Some weeks ago one of my
X-mas gifts to myself arrived. (One of those I'm always allowed to buy as none of my relatives would ever imagine to buy me such books for Christmas):
Guerrilla Capacity Planning by
Neil J. Gunther. In fact, I was only interested in his
Universal Scalability Law, which did me a good service in a performance review some weeks ago.
I really like this book and I'm sure it will go with me for some more time; at least every day I go to work by public transport, but also in many other situations.
I read it as another iteration of
KISS, applied to Capacity Planning. The main goal is to achieve fast and just good enough predictions by the usage of minimal resources and time. It just leads one step further and advises to be well prepared in lean tools and flexible methods to reach the goal when needed. In my current situation, I also see it as a hint to do Capacity Planning in every project, even if it's not calculated within the project plan. But keep it small enough to hide it within the jitter every project contains. The following chapters try to provide some simple weapons to be prepared for all tactical situations which can occur.
Chapter 3 is about significant digits, rounding rules and errors.
These 13 pages where worth reading for me, because I never had a full qualified mathematical or statistical education. It might be just enough to estimate the errors I carry through all my work and provide them (and their meanings to the results) in any discussion, presentation and so on.
Chapters 4 to 6 are the real reason why I ordered this book: the
Universal Scalability Model (or Law?). Neil leads in a very consistent way, why scalability is not only limited by
contention, as
Amdahls law implies, but also by
coherency, which leads to a retrograde in scalability beyond p*.
Not only the Model itself is described, but - important for all Guerrilleros - an easy method to gain the parameters for σ and κ out of some measured data with excel is provided. Not mentioned in the book directly but easily to find is the
spreadsheet which contains exactly the method Neil provides.

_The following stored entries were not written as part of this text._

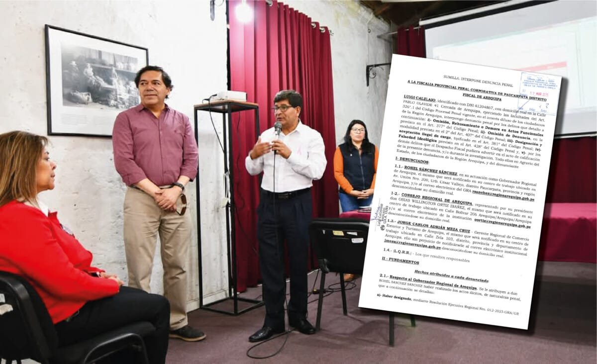 El Ministerio Público tiene en sus manos una nueva denuncia penal contra el gobernador Rohel Sánchez y otros funcionarios del Gobierno Regional de Arequipa (GRA). La acusación se centra en la designación al cargo presuntamente irregular del gerente de Comercio Exterior y Turismo (GERCETUR), Jorge Carlos Adrián Meza Cruz. El funcionario habría consignado información falsa en su declaración jurada de intereses, a fin de acreditar todos requisitos para cumplir el perfil que exige su plaza.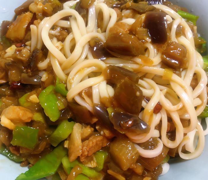 家常美食——茄子肉丁打卤面,简约不简单,您也试试看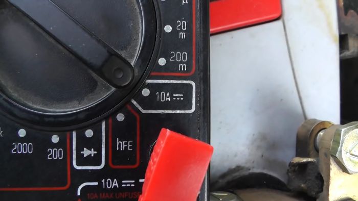 На самом приборе необходимо перевести положение переключения в режим замеры силы тока 10 А.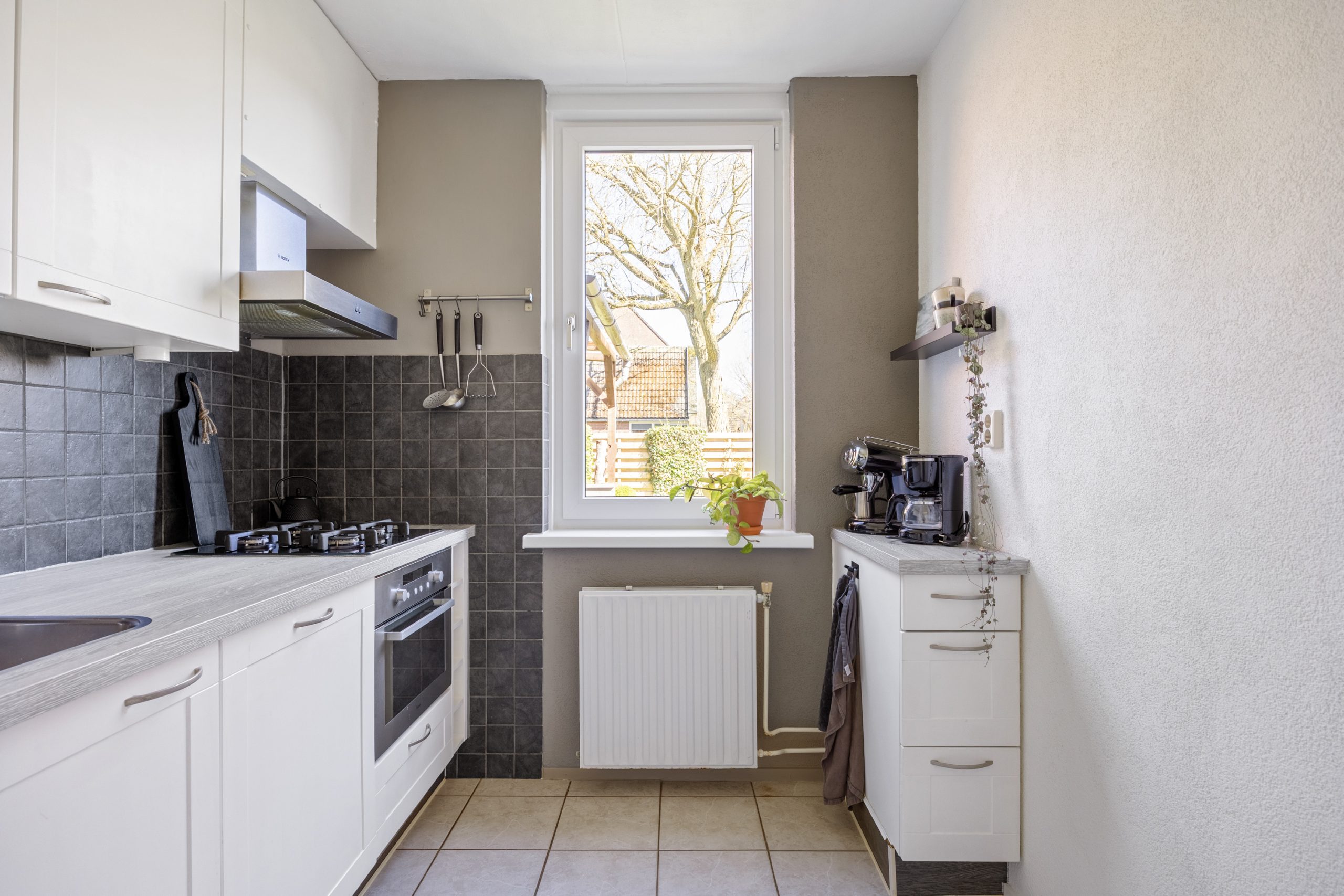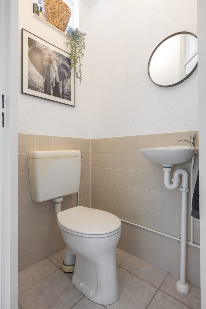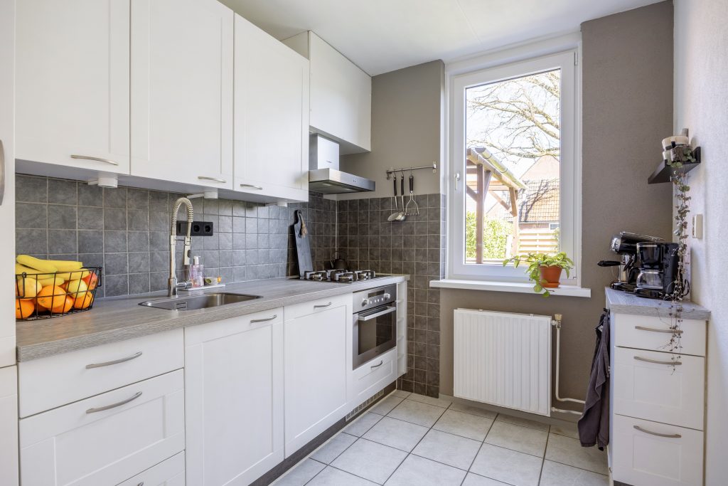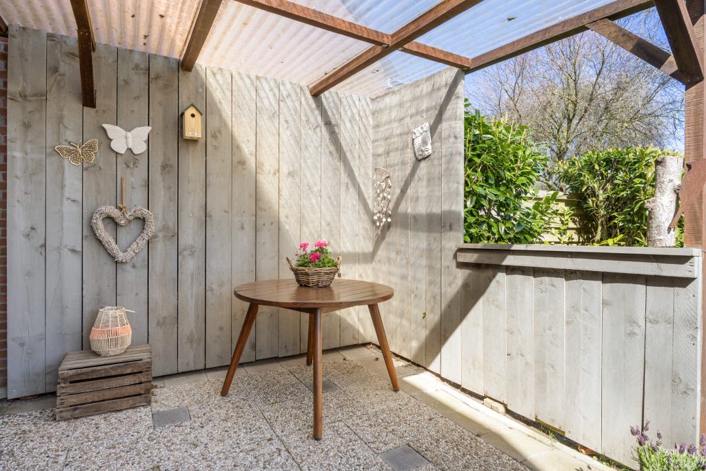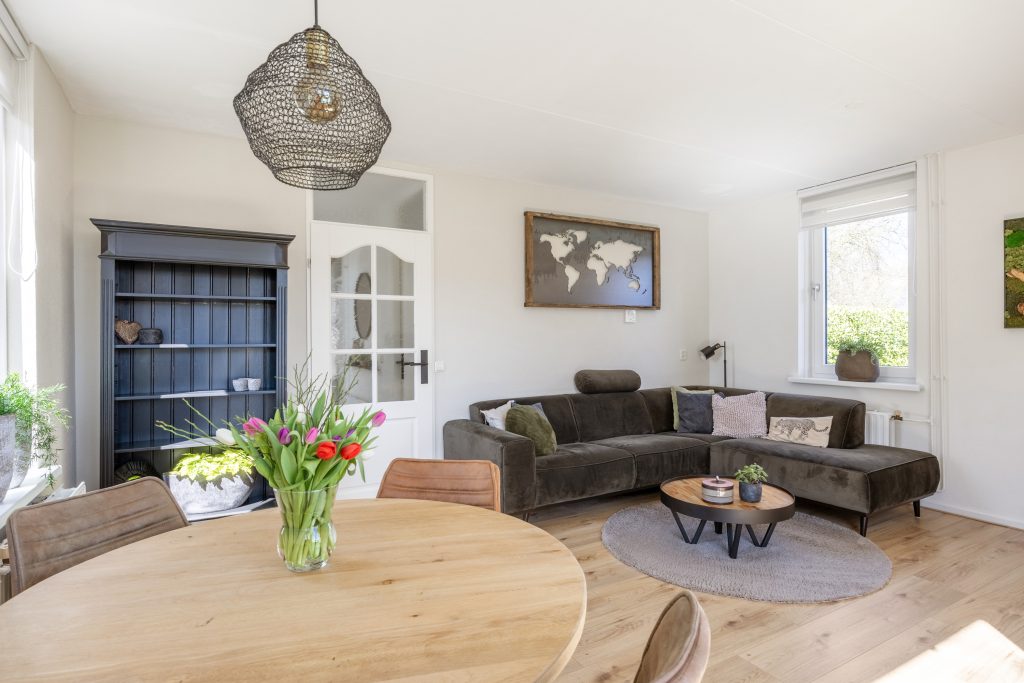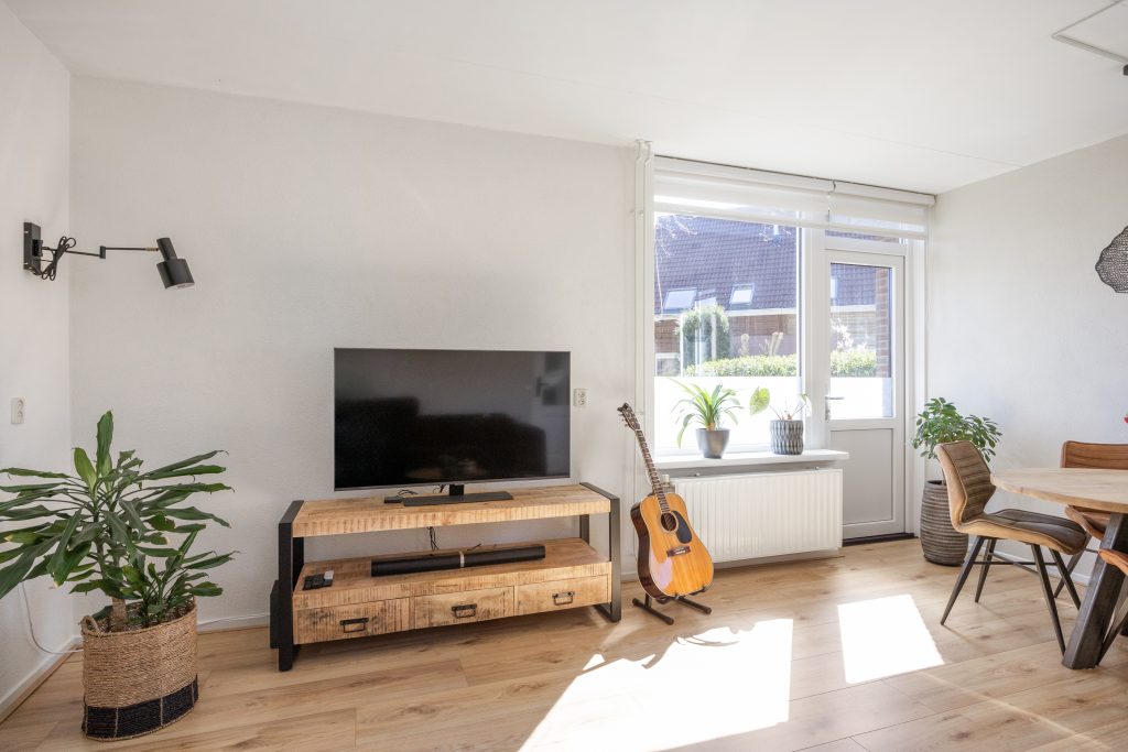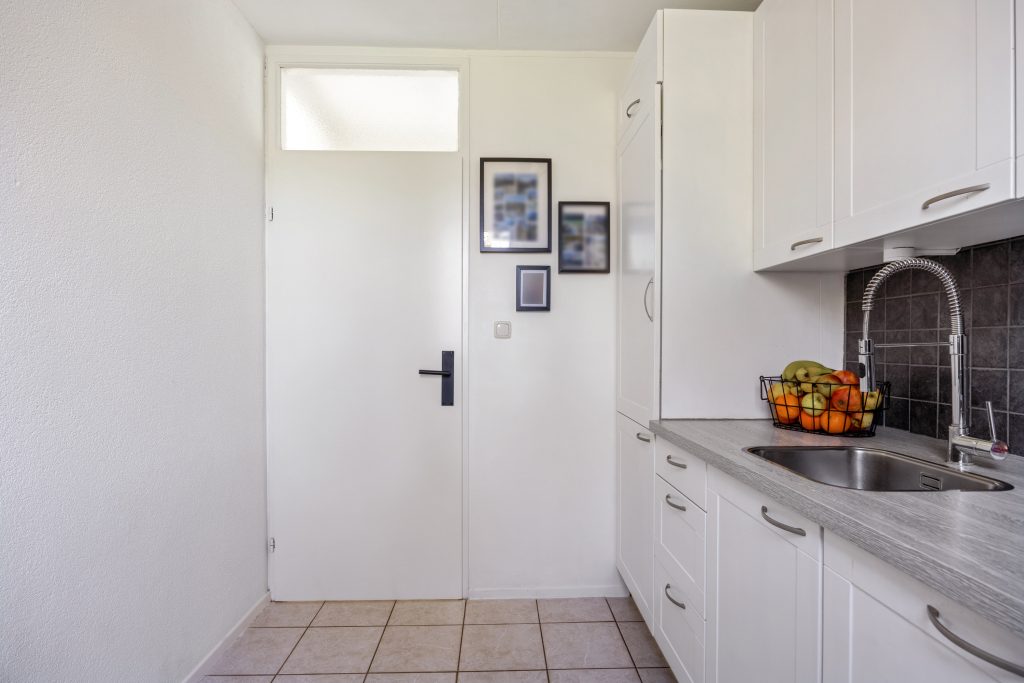 Vanuit de entree met meterkast en toilet, heb je toegang tot de bijkeuken, moderne keuken met combi-oven, vaatwasser en koel/vries combinatie. Aan het einde van de hal vind je de lichte en knusse leefruimte van respectievelijk 22m², die je middels een deur toegang geeft naar het terras aan de zijkant van de woning, gelegen op het zonnige zuidoosten.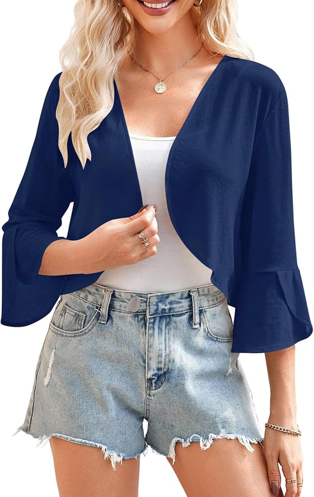 Features: Womens shrug cardigan, 3/4 ruffle sleeve, short kimono cardigan, lightweight summer cardigans, bolero shrugs for dresses, cropped cardigan, sheer cardigan for women.
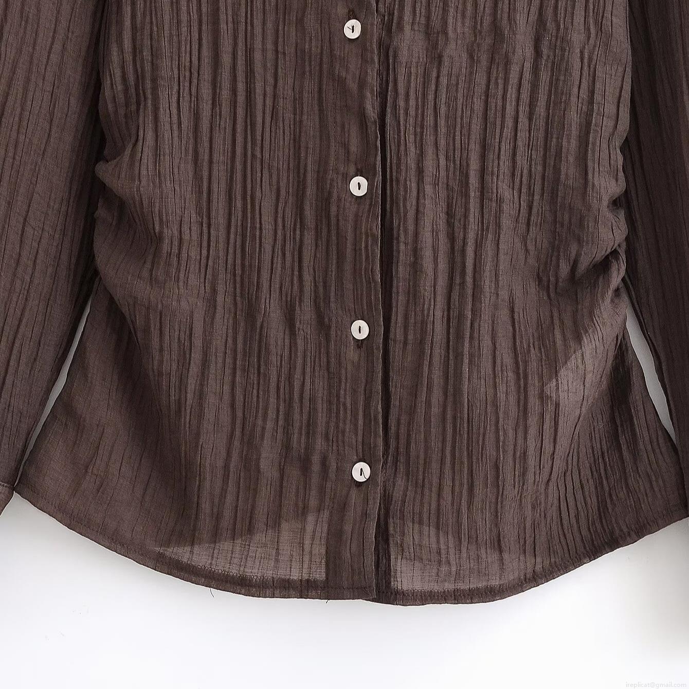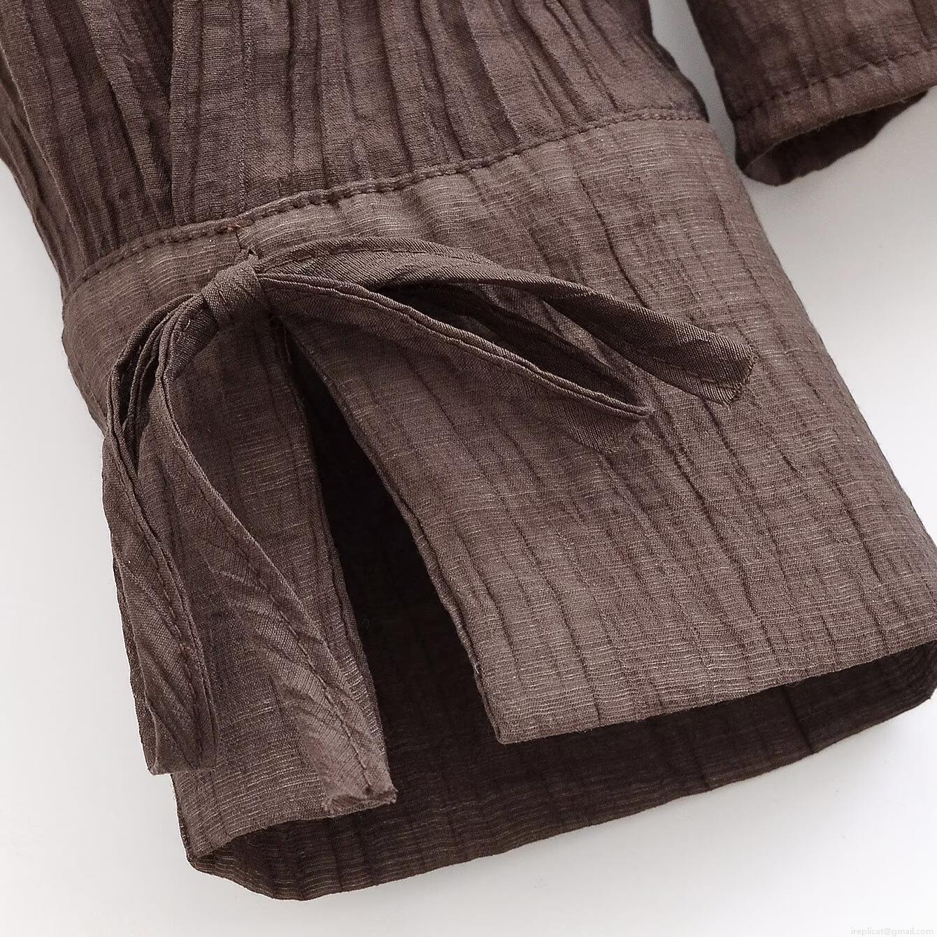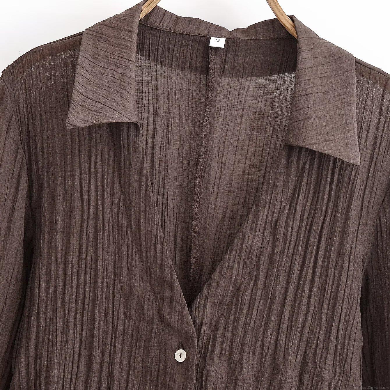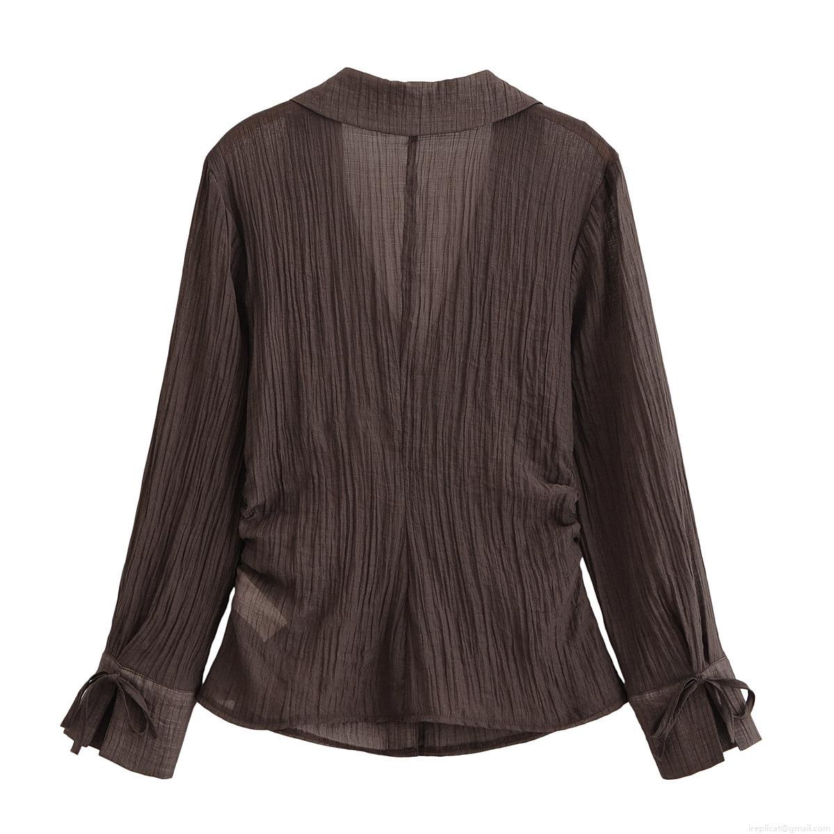 • Women's Elegant Deep Brown Pleated Blouse 100% Polyester V-Neck Long Sleeve Shirt With Bow Tie Cuffs Slim Fit Casual Top For Daily Commute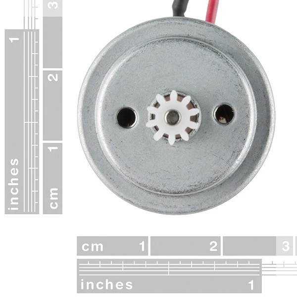 Nota: Aunque la hoja de datos de este motor de pasatiempos indica un rango de voltaje máximo de 3.0 VCC, nuestro proveedor nos ha asegurado que admite una carga máxima de 12 VCC.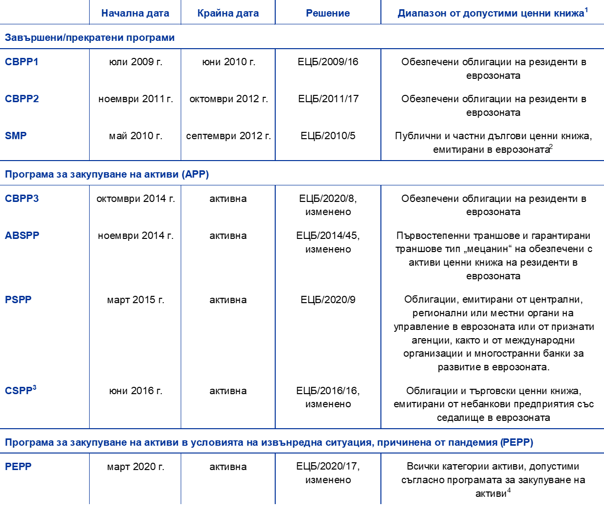 - Програмата за закупуване на активи (APP) се състои от третата програма за закупуване на обезпечени облигации (CBPP3), програмата за закупуване на обезпечени с активи ценни книжа (ABSPP), програмата за закупуване на активи на публичния сектор (PSPP) и програмата за закупуване от корпоративния сектор (CSPP). ЕЦБ не придобива ценни книжа по програмата за закупуване от корпоративния сектор. Повече подробности за програмата за закупуване на активи можете да намерите на уебсайта на ЕЦБ.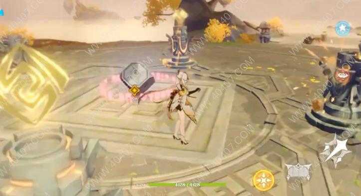 玩家进入秘境以后就直接走上楼梯,在这里就会看到岩属性石柱有三个是点亮的。

I would like to have also other methods provided within the book to circumvent the problem with excels numerical precision, but Neil provided (and discussed it's difficulties) a glimpse of a implementation in
R somewhere else.
In chapter 7 the main focus is on virtualization across all scales, from in-CPU (Hyperthreading) up to Grids and P2P on the other end of the scale. Here it's more about queues, schedules and polling cycles. I had the feeling I should have read
Analyzing Computer System Performance with Perl::PDQ before. But I have not. (I will, after the 2nd ed. is published). Also there is not too much ammunition for my underground resistance. More a rough description of that area and some major snares.
Currently I cannot say much about chapters 8 to 11 as I'm in the middle of 8 at the moment. they will also be worth to write about them - in the future.
There is also some criticism
outside there which laments, USL does only provide limited practical use for the forecast, until a set of data is measured and σ and κ are derived from these. In comparison, Amdahls
s can be measured so much easier as the single threaded phase of a program. This criticism provides its own error inside:
If s can be measured, this mean the setup is well instrumented and known and the target hardware is chosen (otherwise, the measurement must be somehow translated to the target hardware) at least for a single process. But, with a well instrumented and know setup, also all code parts which will account to coherency can be spotted and therefore not only Amdahls
s leads to σ, but the coherency part leads to κ.
Unfortunately, even in a well instrumented Software like Oracle, nobody sorted all the wait events where they account to.